ДОН МАНУЭЛЬ: (ей в тон)
Вы вероятно поете?

ПЕПА:
Только для себя. Когда я
пою для другого, мне кажется,
что тем самым я допускаю
какую-то близость между нами…

ДОН МАНУЭЛЬ: (капризно)
Когда же вы споете для меня?

ПЕПА: (закрыла веер в знак отказа)

ДОН МАНУЭЛЬ: (ревниво)
А для Гойи вы пели?
(Пепа отвернулась)
Простите, позвольте мне
спеть для вас!


ПЕПА: (громко, с вызовом глядя на Гойю)
Ты слышишь, Лусия,
герцог предлагает спеть…
для нас.

ДОНЬЯ ЛУСИЯ: (мужу и дону Диего)
Ай да Пепа! В Мадриде
поговаривают, что королева
очень любит слушать пение
своего фаворита-дона Мануэля,
но ей приходится его долго
упрашивать…

ДОН МАНУЭЛЬ:
Мне нужен партнер. Дон Франсиско!
(Договариваются. Поют. Отплясывают.)

Люблю тебя в зелень одетой,
И ветер зелен. И листья.
Корабль на зеленом море,
И конь на горе лесистой.
До пояса в темноте,
Мечтает она у ограды,
И зелены волосы, тело,
Глаза серебра прохладней.
Люблю тебя в зелень одетой.
Как звезды, иней сияет,
Как рыба потемки скользки,
Дорогу заре открывая.
О, дайте, дайте подняться
К зеленой лунной ограде!
За нею вода грохочет,
Там воду всегда лихорадит.
Люблю тебя в зелень одетой,
И ветер зелен. И листья.
Корабль на зеленом море,
И конь на горе лесистой.
(здесь использовано стихотворение Ф-Г Лорки)

ДОН МИГЕЛЬ: (Лусии)
Поют, отплясывают как дикари…
Все ради женщин! (к дону Диего)
Что скажете, аббат ?

ДОН ДИЕГО:
Не говорит ли в Вас гордыня и
презрение, мой дорогой друг?
Иногда важным оказывается то,
что мы всю жизнь считали
ерундой… и наоборот…

АГУСТИН: (пьяный, дону Мигелю)
Боже мой, даже присутствие самой
прекрасной женщины в мире не
останавливает вас? Вы так
переполнены спесью, чувством
собственного превосходства,
своей высокой образованности…
вы ученый сухарь и осел,
которому досталось такое
сокровище… подумаешь, велика штука ученость, если у тебя есть
деньги и время… и
хватает и на пирушку и на
бой быков и на докторский
диплом... А у нас степеней нет...
зато мой мизинец понимает
в искусстве больше, чем
все академии со своими
докторами… а моё смиренное
сердце стремится к Богу искреннее,
чем вся  оголтелая жестокая
испанская инквизиция!
(повалился, все кинулись его поднимать, выносить, остаются только Гойя и дон Мануэль)
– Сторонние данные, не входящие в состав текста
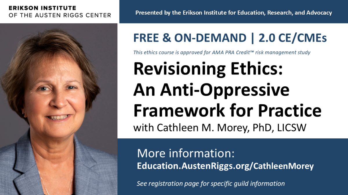 The Erikson Institute for Education, Research, and Advocacy of the Austen Riggs Center is pleased to provide online continuing education (CE) / continuing medical education (CME). CE/CME credit is provided through video/audio courses with an emphasis on biopsychosocial, psychodynamic and systems approaches to treatment. CME/CE certificates are provided upon completion. Credit is available for those with an MD, DO, PhD, PsyD, and social workers at this time. All mental health professionals and students are welcome to experience course offerings and can be provided with a certificate of completion. As a registered member of this educational platform, your courses and transcripts are available on demand. REGISTER to have access to courses. Check back to see new course offerings and thank you for browsing.
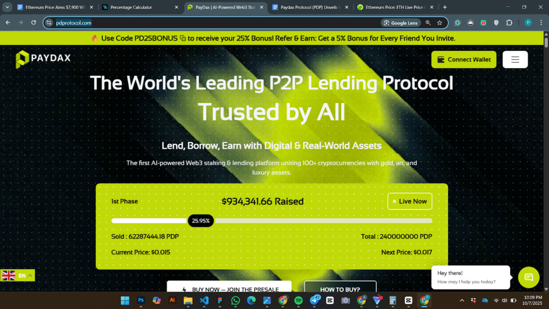 These factors, combined with the projected growth of RWA tokenization by 2040, position PayDax for global DeFi adoption. With $934,000 raised, the PDP presale is ongoing, but tokens are selling out fast, as investors rush to claim the PD25BONUS bonus code.
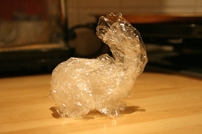 I'd better wrap it up now, but I'll leave you with this photo. It's some scrunched up clingfilm which had been left on the worktop. As I was about to pick it up and put it in the bin I noticed that it looked like a rabbit. Jeff thought it looked like a rabbit too and Matthew thought it looked like an elephants head (you'll need to tilt your head to the left to see it). What do you think?

7. Дом Бермудесов. Пьяный герцог.
Гойя, дон Мануэль

ГОЙЯ:
Вот и наш Агустин
спел свою тонадилью.

ДОН МАНУЭЛЬ: (пьяно и добродушно)
Пьян, как швейцарец.

ГОЙЯ: 
«Испания – родина великих
мужей, Испания – их могила»

ДОН МАНУЭЛЬ: 
Нас мало осталось. А все войны
виноваты.
Мы с тобой остались. При
дворе сто девятнадцать грандов,
а мужиков только двое. 
Я твой друг, Франчо… и покровитель…
нужно счастье. Счастье не приходит,
с ним родятся, как с носом, с
задницей… или ты с ним родился,
или нет.
Я выполнил твою просьбу.
Ховельянос уже в Мадриде.
Ты мне пришелся по сердцу.
Ты из крестьян ведь? У меня
мать дворянка, но между нами
я тоже из крестьян.
Я сделался большим человеком,
и из тебя я тоже сделаю
большого человека. Мы,
испанские гранды всегда
покровительствовали искусствам,
а я чувствую искусство. Но
я тебе обязан. Правильно видеть
научил меня ты, а все твой
портрет. Она умна, по-французски
понимает, актриса, не
вешается на шею… скромна!
Таких дам мало. А сколько в
ней внутренней музыки! Но это
может знать только тот, кто с
ней действительно близок.
Наступит ночь, когда я буду это
знать. Как думаешь, эта ночь
уже пришла? Скажи, сколько
найдется среди женщин таких,
с которыми ты пожелал бы
провести ночь? Что касается меня,
и пяти не найдется.
  Ты приглашен  в Монклоа? Герцогиня,
наконец, достроила свой дворец!
Я приглашен… и Ховельянос… 
О чем я?  А!   Герцогиня!
Я вполне могу без нее прожить.
Она для меня слишком сложна,
слишком капризна и самонадеянна.
Она хочет, чтоб ее добивались
неделями, месяцами.
Это не для дона Мануэля.
Я не люблю длинных увертюр.
Мне нравится, когда занавес
поднимается сразу
(резко входит Пепа, дон Мануэль говорит громче и отчетливей, как будто протрезвев)
Окажите мне честь, донья Хосефа,
и разрешите проводить вас домой.

ПЕПА:  (играя веером и глядя на Гойю) 
Благодарю вас, дон Мануэль.

(уходят)
ГОЙЯ: (один, выходя на авансцену) 
Герцогиня! Просто надменная
кукла! А я болван!
(достает из кармана записку, свет концентрируется на нем)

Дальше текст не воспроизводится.